Incontinentia pigmenti (IP) is a rare genodermatosis (0.7 per 100.000 births). It is characterized by a multisystemic affectation with a highly variable phenotype. The most common clinical manifestations are dermatological, neurological, ophthalmic and dental. The cutaneous alterations, markers of this entity, appear early, following a characteristic pattern of Blaschko's lines. 4 sequential appearance phases are defined: vesicular, verrocous, hyperpigmentation and hypopigmentation phases, extracutaneous involvement defines functional prognosis, and is the cause of irreversible sequelae that determines the severity the disease. IP is an X-linked dominant disorder caused by a mutation in the NEMO gene.

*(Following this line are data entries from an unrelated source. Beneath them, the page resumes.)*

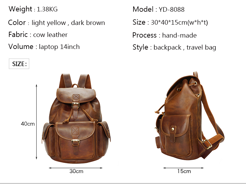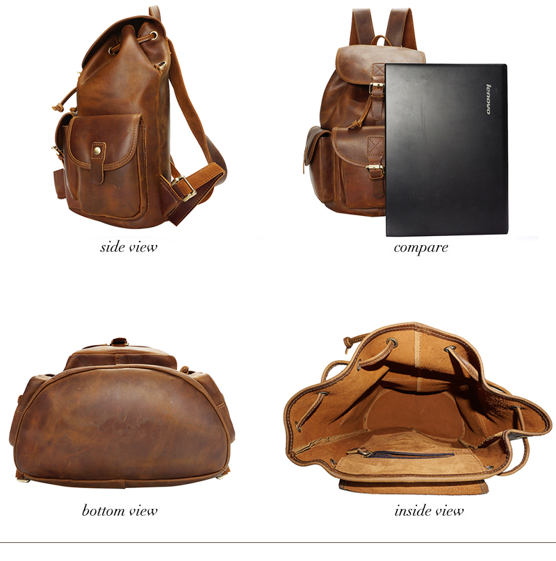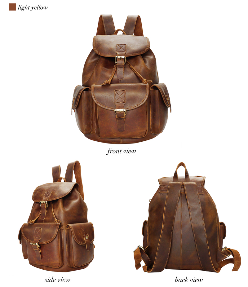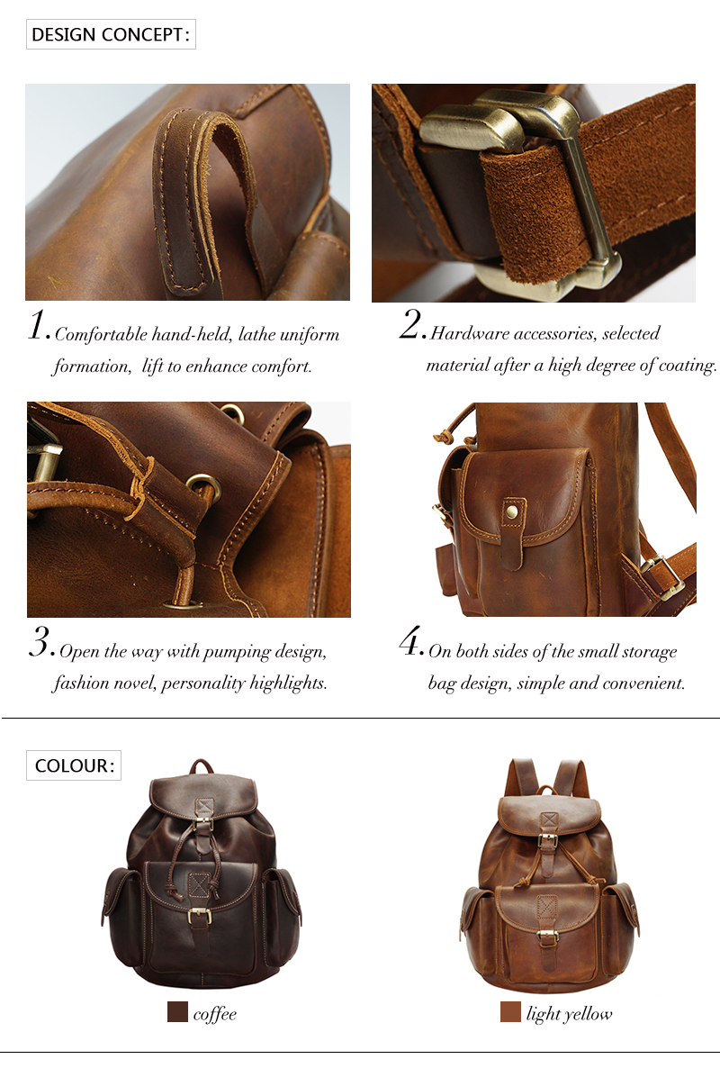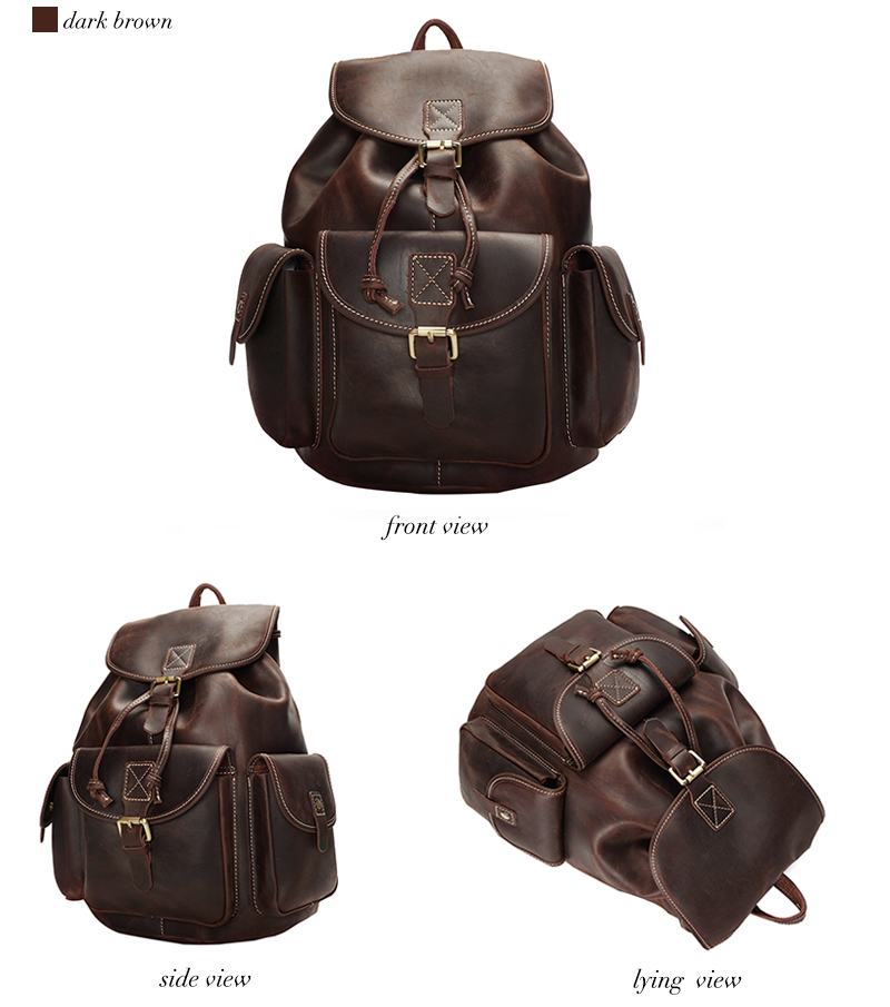 This Crazy horse cowhide leather backpack is suitable for outdoor tarveling . This bag is made of top layer cowhide material, showing an eternal and retro appearance, which will only get better and better with time. The spacious interior space is equipped with multiple compartments to keep your things in order, and the adjustable shoulder strap ensures comfortable carrying. With its sturdy structure and classic design, this backpack is an ideal choice for work, travel or daily use.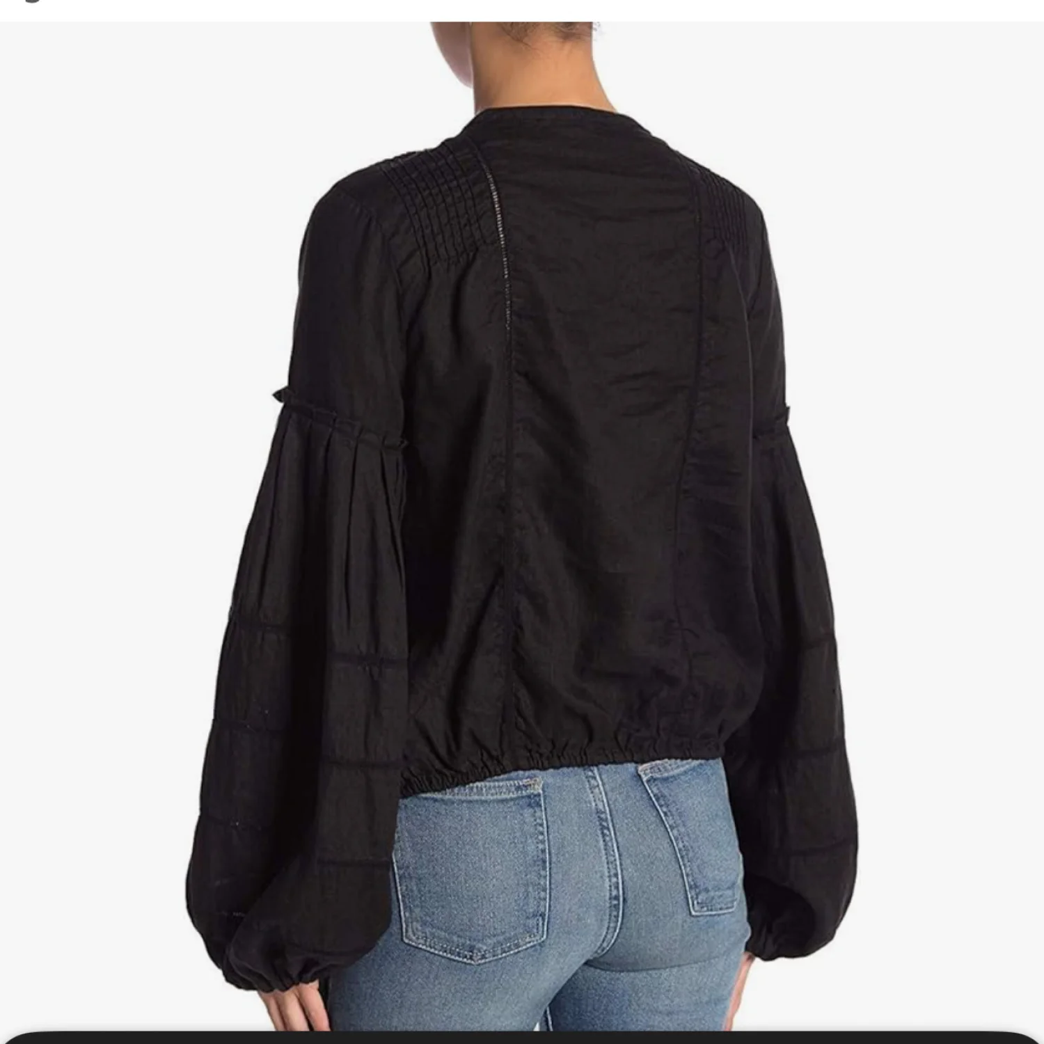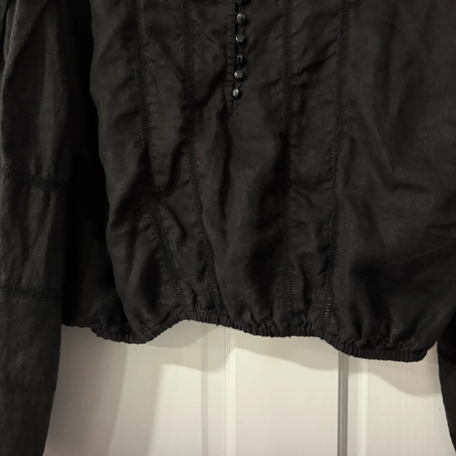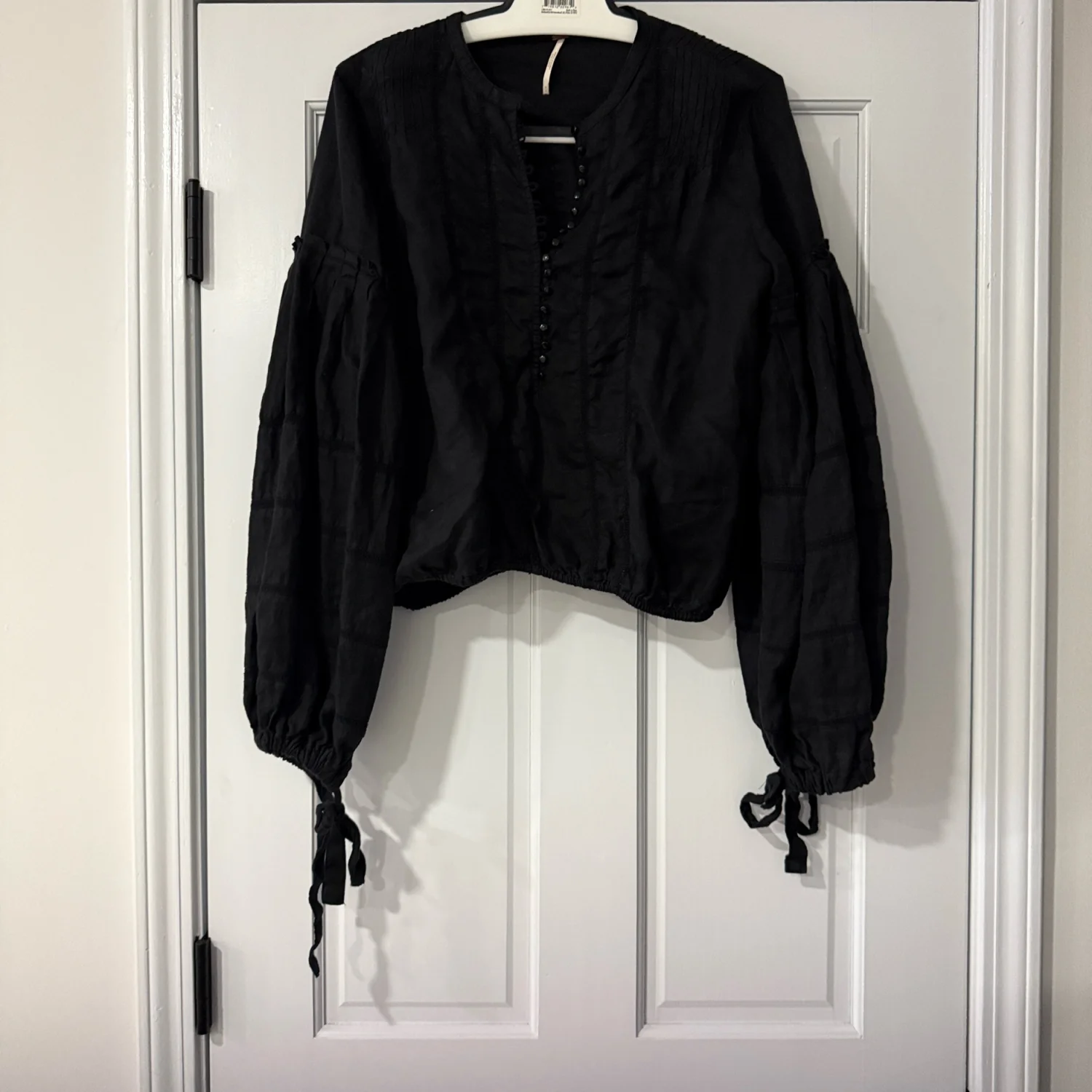 Free People Women’s High Swells Linen Crop Peasant Top Black size M Top
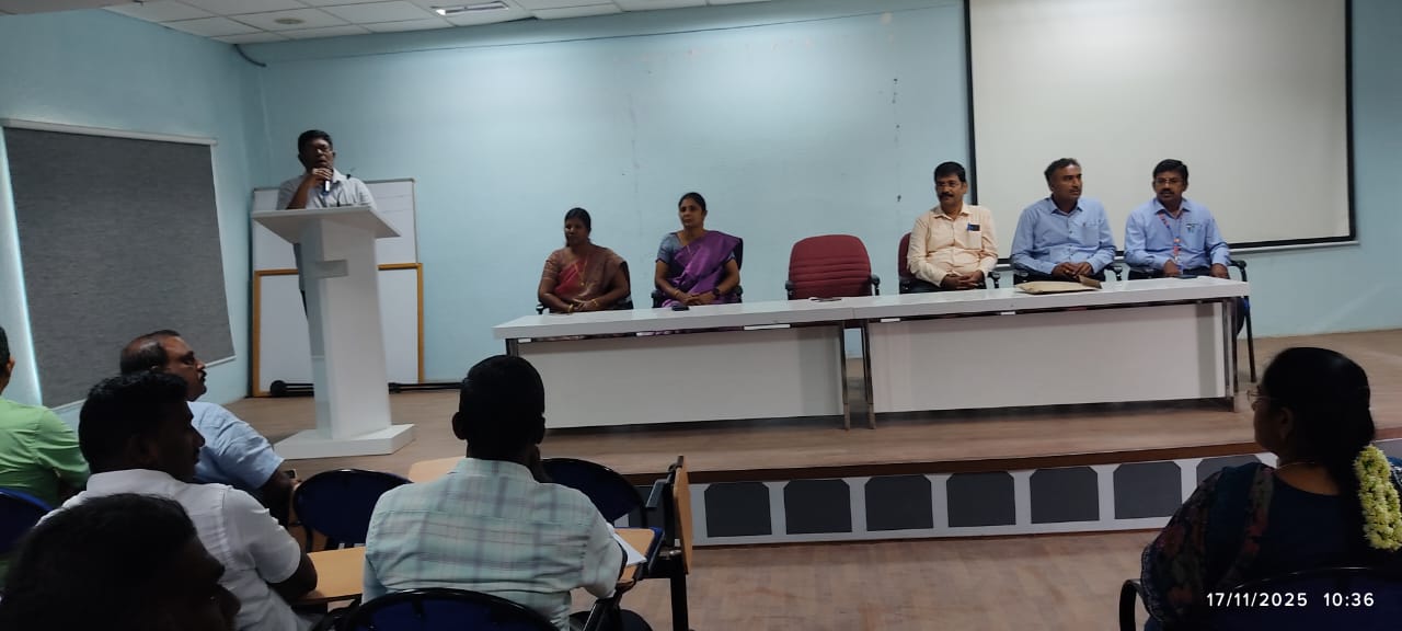 Dr M. Selvam, Principal addressed the salient features of NMMS to the Teachers who act as SCchool Nodal teachers for NMMS at Gnanamani Engineering college on 14.8.2025.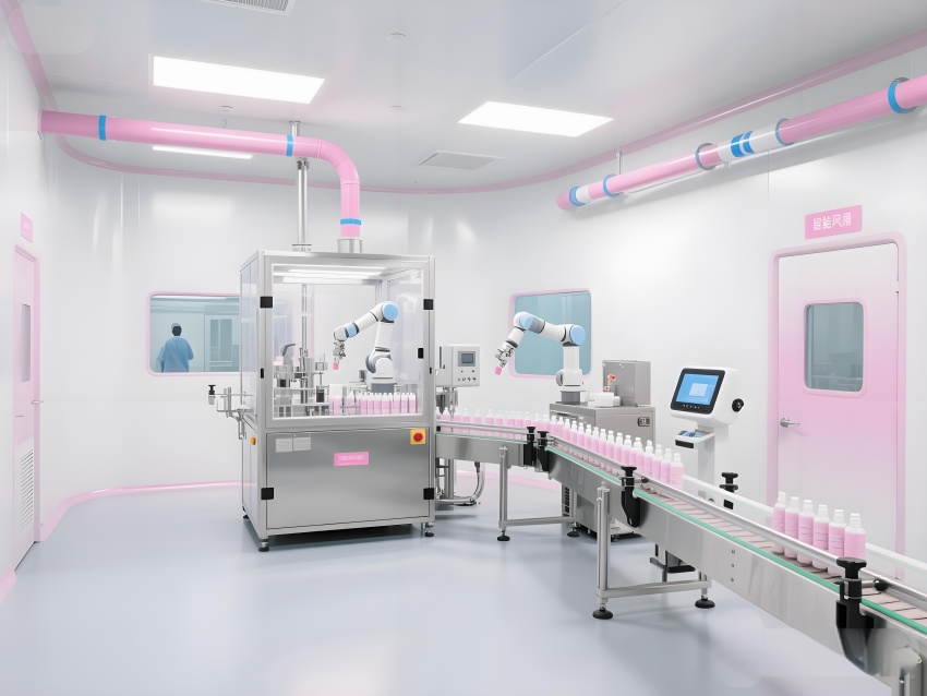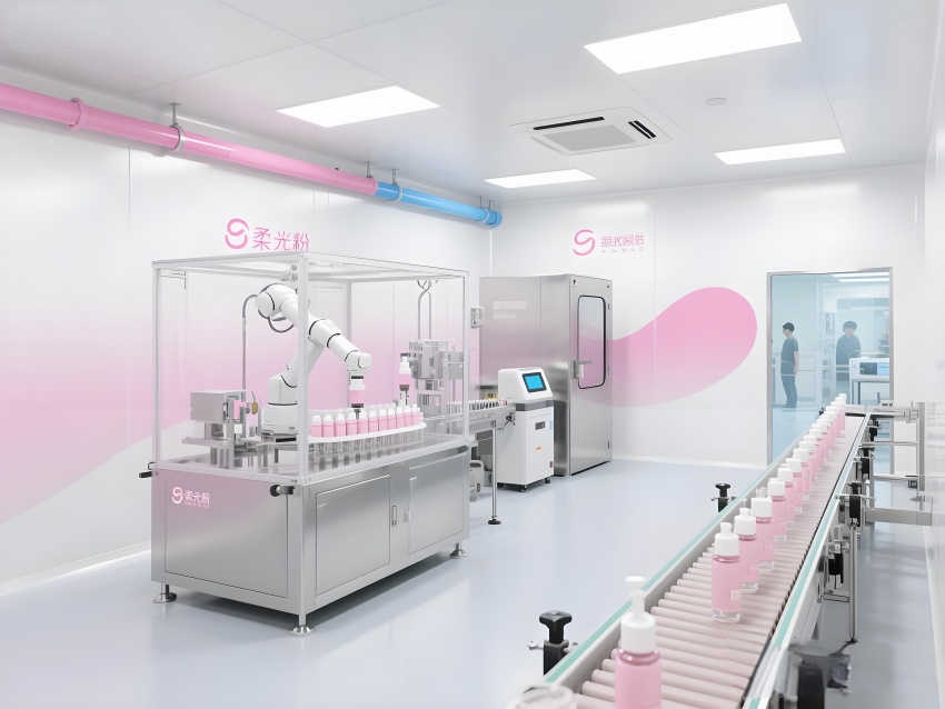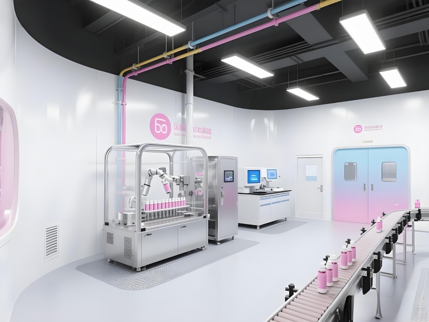 本车间以“科技感纯净美学”为设计语言,将化妆品行业的精致基因融入工业空间。纯白主色调搭配品牌标志性的柔光粉点缀,墙面圆弧过渡的彩钢板与地面浅灰导静电地板构成洁净基底。核心灌装区透明层流罩内,机械臂精准抓取瓶体灌装,冷银色设备与粉色功能标识形成视觉对比。顶棚均匀分布的LED平板灯在乳化区投下无影光效,原料输送管道通过色环编码清晰区分。质检实验室的蓝光检测仪与包装区高速传送带上的产品流,共同构建高效生产韵律。人员通道的智能风淋室采用渐变色玻璃,科技感与人性化并存。整体空间通过严格的功能分区与柔和的色彩管理,打造符合国际标准的化妆品智造殿堂。

We describe a one-month and 26-years-old female infant is presented, who showed hyperpigmented skin lesions incidentally, noticed by her mother since 23rd day old, grouped vesicle- like skin lesions with linear distribution on the ring finger and the middle finger, both knees and right external malleolus, which after two weeks evolve into brownish verrocous lesions leaving hyperchromic spots following the Blaschko's lines. The clinic diagnosis is made using 2 greater criteria: typical neonatal eruption and hyperpigmentation that follows the Blaschko's lines, 2 lower criteria: strabismus and alopecia; it finds the 3 degrees stage hyperpigmentation to incontinentia pigmenti. Biopsy was postponed due to the patient age and not having authorization of the parents.